→ **Exercise details**
Exact copies of all the entries are required, and no pictures should appear in them.

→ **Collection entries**
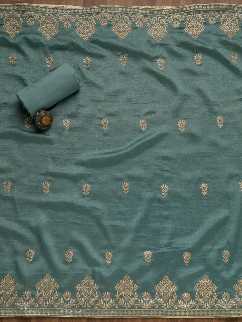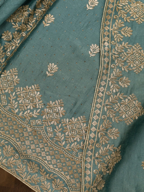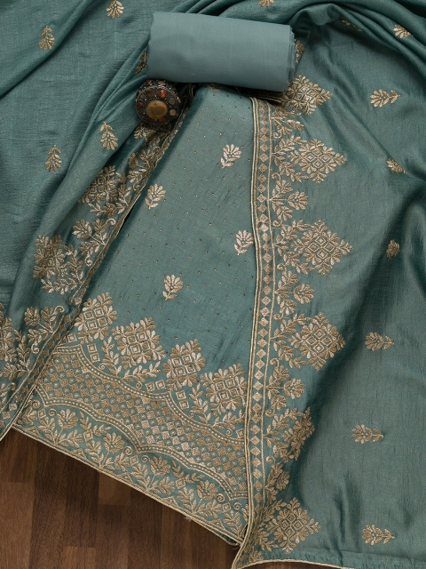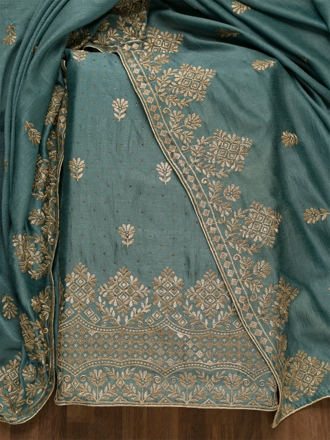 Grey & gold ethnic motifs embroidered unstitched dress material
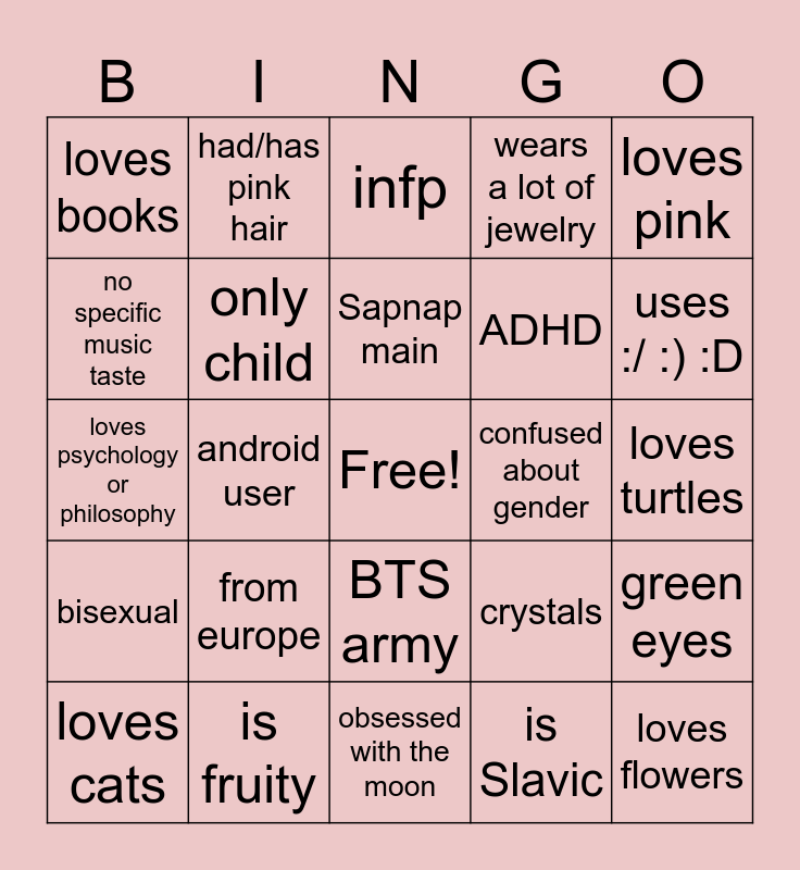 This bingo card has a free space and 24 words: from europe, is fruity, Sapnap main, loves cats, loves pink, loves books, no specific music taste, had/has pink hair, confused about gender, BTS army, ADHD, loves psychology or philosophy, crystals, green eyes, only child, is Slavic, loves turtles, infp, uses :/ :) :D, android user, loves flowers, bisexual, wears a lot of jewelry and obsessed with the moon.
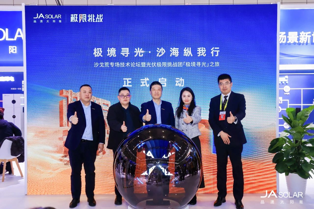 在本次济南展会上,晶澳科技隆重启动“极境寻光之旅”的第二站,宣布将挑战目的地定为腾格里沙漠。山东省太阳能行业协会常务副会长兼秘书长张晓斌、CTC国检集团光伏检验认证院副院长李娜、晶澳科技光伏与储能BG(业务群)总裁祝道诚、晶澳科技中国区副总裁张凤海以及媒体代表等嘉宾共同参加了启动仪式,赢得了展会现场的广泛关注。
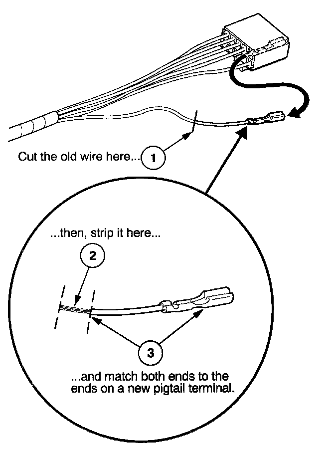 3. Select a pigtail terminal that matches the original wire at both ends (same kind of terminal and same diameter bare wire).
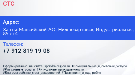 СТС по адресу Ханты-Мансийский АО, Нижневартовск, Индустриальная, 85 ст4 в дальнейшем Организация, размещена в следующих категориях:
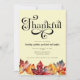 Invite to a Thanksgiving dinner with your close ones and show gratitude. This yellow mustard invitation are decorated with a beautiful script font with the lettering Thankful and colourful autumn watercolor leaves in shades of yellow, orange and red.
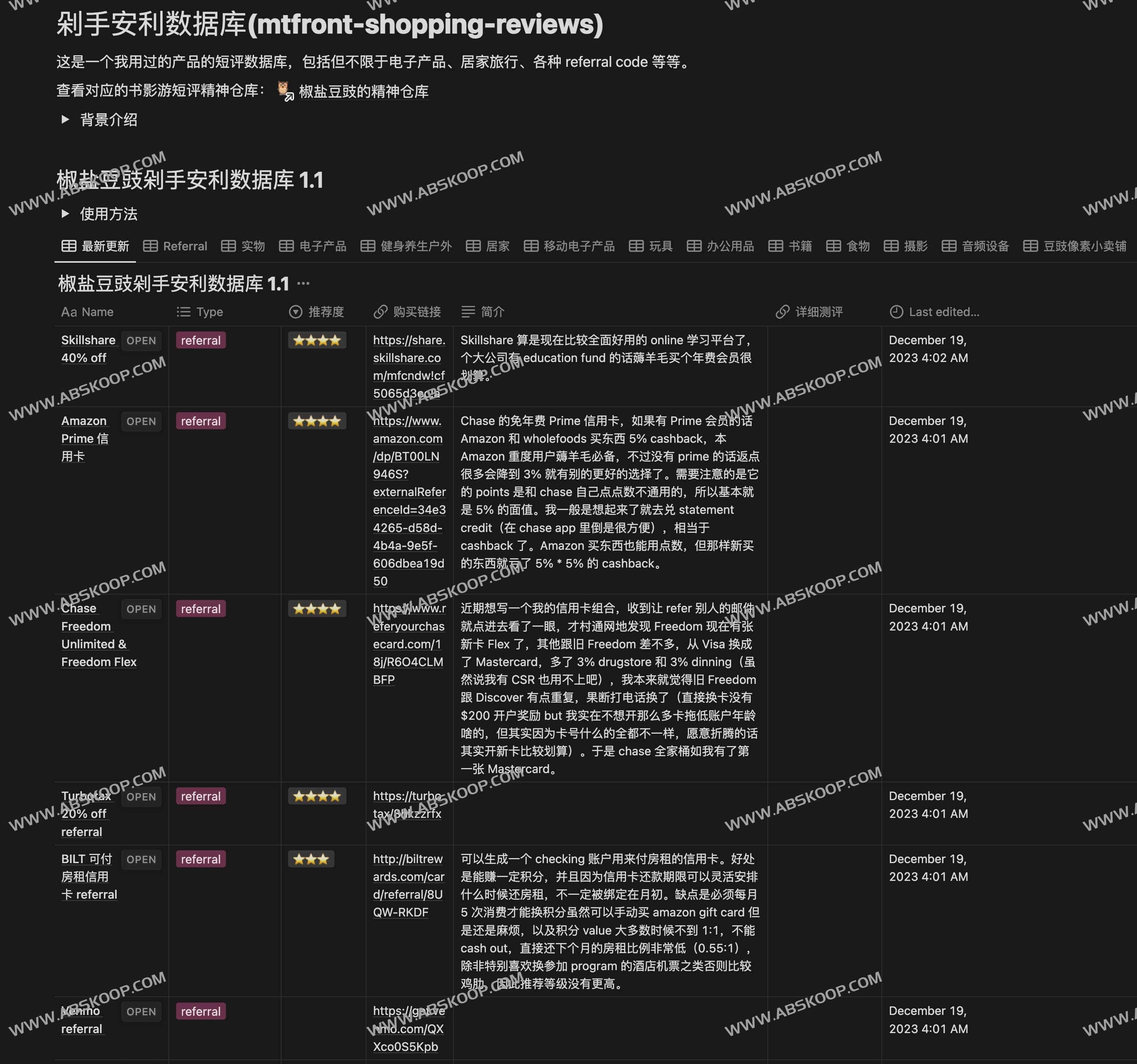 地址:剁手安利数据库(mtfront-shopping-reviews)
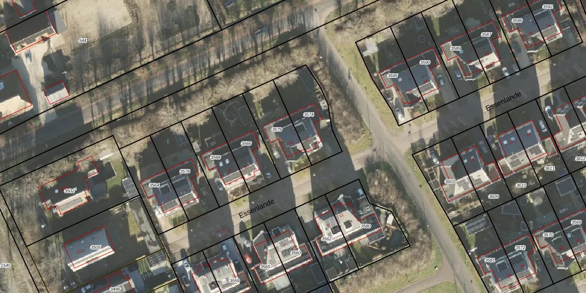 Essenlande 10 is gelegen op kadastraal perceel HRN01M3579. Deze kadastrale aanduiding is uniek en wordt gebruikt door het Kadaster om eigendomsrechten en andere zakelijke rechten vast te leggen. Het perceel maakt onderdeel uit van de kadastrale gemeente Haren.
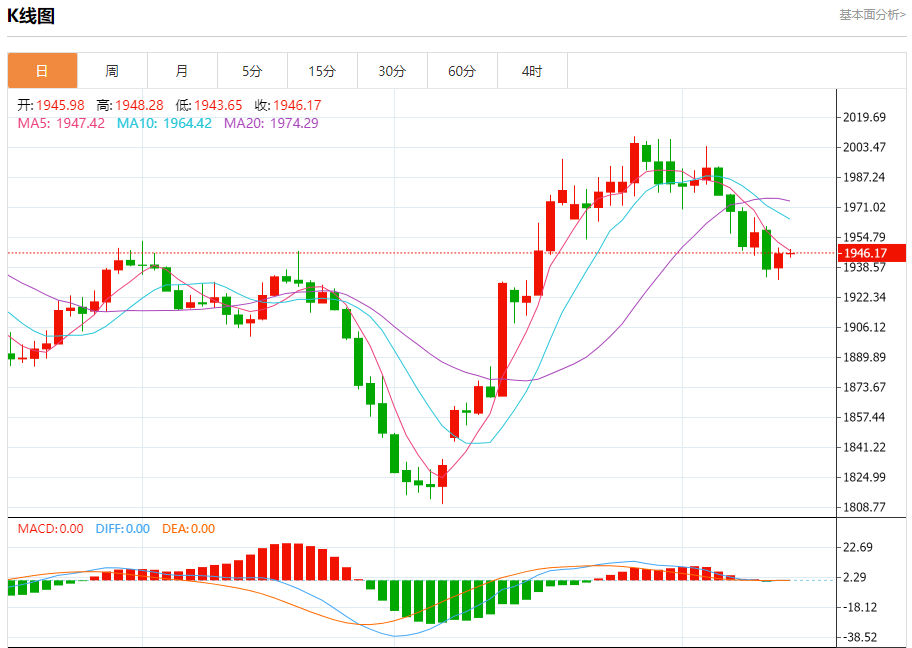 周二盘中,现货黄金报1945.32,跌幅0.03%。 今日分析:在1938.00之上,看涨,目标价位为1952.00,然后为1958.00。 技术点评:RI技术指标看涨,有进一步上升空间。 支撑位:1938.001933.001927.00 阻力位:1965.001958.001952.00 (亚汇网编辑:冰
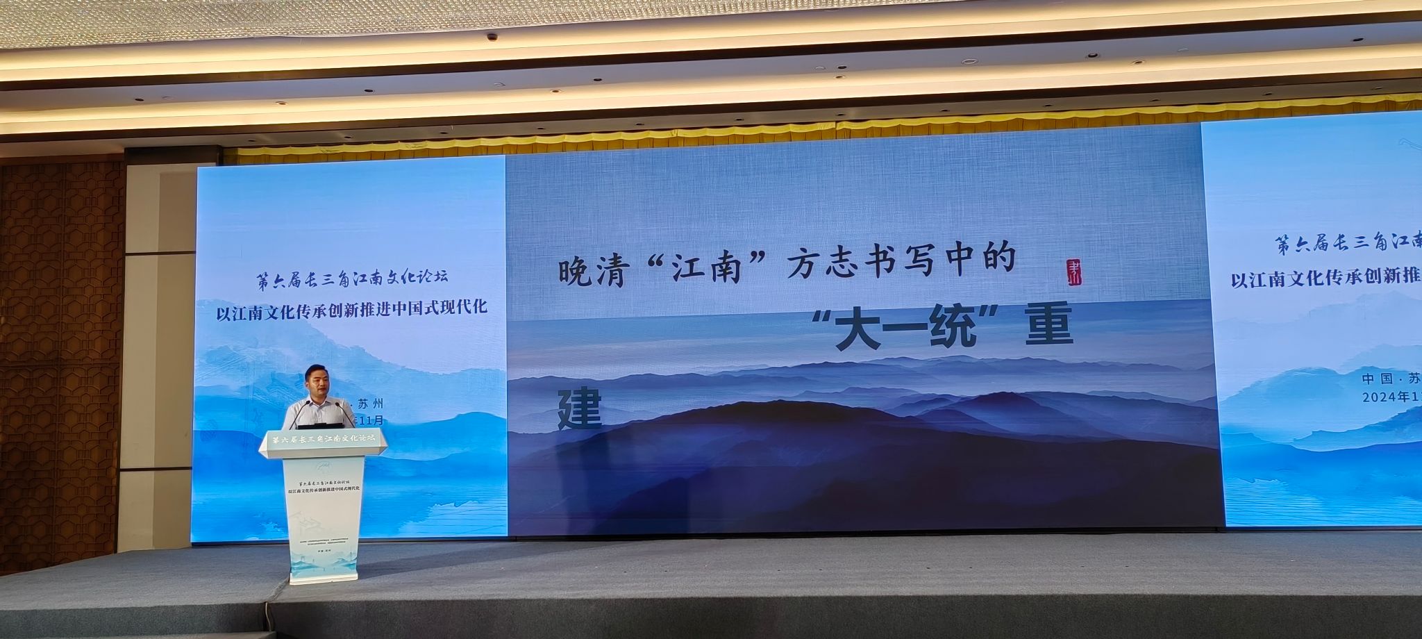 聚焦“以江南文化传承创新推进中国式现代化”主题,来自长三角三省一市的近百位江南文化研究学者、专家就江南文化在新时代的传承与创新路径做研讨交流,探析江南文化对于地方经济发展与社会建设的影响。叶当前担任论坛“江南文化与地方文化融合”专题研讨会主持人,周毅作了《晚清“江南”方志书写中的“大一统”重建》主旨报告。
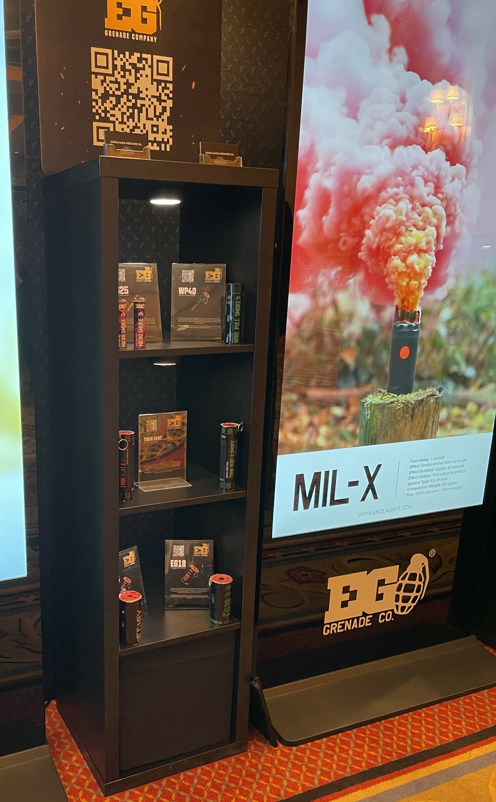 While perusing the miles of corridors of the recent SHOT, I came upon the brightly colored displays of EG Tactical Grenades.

→ **Solution to this exercise**
 Grey & gold ethnic motifs embroidered unstitched dress material
 This bingo card has a free space and 24 words: from europe, is fruity, Sapnap main, loves cats, loves pink, loves books, no specific music taste, had/has pink hair, confused about gender, BTS army, ADHD, loves psychology or philosophy, crystals, green eyes, only child, is Slavic, loves turtles, infp, uses :/ :) :D, android user, loves flowers, bisexual, wears a lot of jewelry and obsessed with the moon.
 在本次济南展会上,晶澳科技隆重启动“极境寻光之旅”的第二站,宣布将挑战目的地定为腾格里沙漠。山东省太阳能行业协会常务副会长兼秘书长张晓斌、CTC国检集团光伏检验认证院副院长李娜、晶澳科技光伏与储能BG(业务群)总裁祝道诚、晶澳科技中国区副总裁张凤海以及媒体代表等嘉宾共同参加了启动仪式,赢得了展会现场的广泛关注。
 3. Select a pigtail terminal that matches the original wire at both ends (same kind of terminal and same diameter bare wire).
 СТС по адресу Ханты-Мансийский АО, Нижневартовск, Индустриальная, 85 ст4 в дальнейшем Организация, размещена в следующих категориях:
 Invite to a Thanksgiving dinner with your close ones and show gratitude. This yellow mustard invitation are decorated with a beautiful script font with the lettering Thankful and colourful autumn watercolor leaves in shades of yellow, orange and red.
 地址:剁手安利数据库(mtfront-shopping-reviews)
 Essenlande 10 is gelegen op kadastraal perceel HRN01M3579. Deze kadastrale aanduiding is uniek en wordt gebruikt door het Kadaster om eigendomsrechten en andere zakelijke rechten vast te leggen. Het perceel maakt onderdeel uit van de kadastrale gemeente Haren.
 周二盘中,现货黄金报1945.32,跌幅0.03%。 今日分析:在1938.00之上,看涨,目标价位为1952.00,然后为1958.00。 技术点评:RI技术指标看涨,有进一步上升空间。 支撑位:1938.001933.001927.00 阻力位:1965.001958.001952.00 (亚汇网编辑:冰
 聚焦“以江南文化传承创新推进中国式现代化”主题,来自长三角三省一市的近百位江南文化研究学者、专家就江南文化在新时代的传承与创新路径做研讨交流,探析江南文化对于地方经济发展与社会建设的影响。叶当前担任论坛“江南文化与地方文化融合”专题研讨会主持人,周毅作了《晚清“江南”方志书写中的“大一统”重建》主旨报告。
 While perusing the miles of corridors of the recent SHOT, I came upon the brightly colored displays of EG Tactical Grenades.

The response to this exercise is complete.